Sukhenkiy was still gabbling.
“He says it flipped the truck off the road into the treeline,” Medyevin translated. “He was thrown out of the back, and managed to scramble into hiding, otherwise Baba Yaga would have got him too.”
“No kidding.” Cutter peered at the wreckage. He could see what looked like bite marks. They were colossal.
Sukhenkiy stopped talking.
The forest seemed very quiet without the chatter of his voice. The soldier stared out through the trees and the mist, and Cutter realised that a sudden, distinctly unnatural silence had descended. Bird calls, and other forest sounds — like the knocks and scurries of insects and rodents — had all fallen off. Cutter had barely been aware of them in the background before, but he was keenly aware of their absence. It was basic bushcraft — skills that Stephen had taught him.

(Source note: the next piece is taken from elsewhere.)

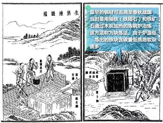 说起钢的历史,最早可以追溯到春秋战国时期。当时的主流金属材料是青铜,这一点毋庸置疑。但是青铜无论是作为工具还是武器都存在“脆”的问题,为了找到更好的替代材料,当时的人们开发了早期的冶铁技术。春秋战国时期的冶铁技术被称为“块炼法”,是因为炼出的铁呈块状,而且很软。此时的铁器相比青铜器没有太大的技术优势。

There was something out there.
He peered around, and stared in the direction Sukhenkiy was looking, but he couldn’t see anything except the ghost shapes his imagination was conjuring in the drifting mist. He was tired, and his nerves were already worn through. The vicing tension of the moment made him see monsters in the woodland shadows, giant things with giant mouths lurking behind the black Siberian trees on giant chicken legs.
The forest seemed to close in. He could feel something, something huge and close; something watching them.
Why couldn’t he see it?
Why couldn’t he hear it or smell it?
Koshkin could feel it too. He pulled out his pistol, the one he had used to threaten Abby and Connor.
Fat lot of use that’s going to be, Cutter thought grimly.
“What happened to the birdsong?” Koshkin asked.
Medyevin shushed him. Sukhenkiy began to cry.
Cutter was painfully conscious of the man’s wracking sobs. Then he heard something else. He heard a thump. He felt a thump. He felt it travel through the ground, as though — close by — something very large and very heavy had just taken a step.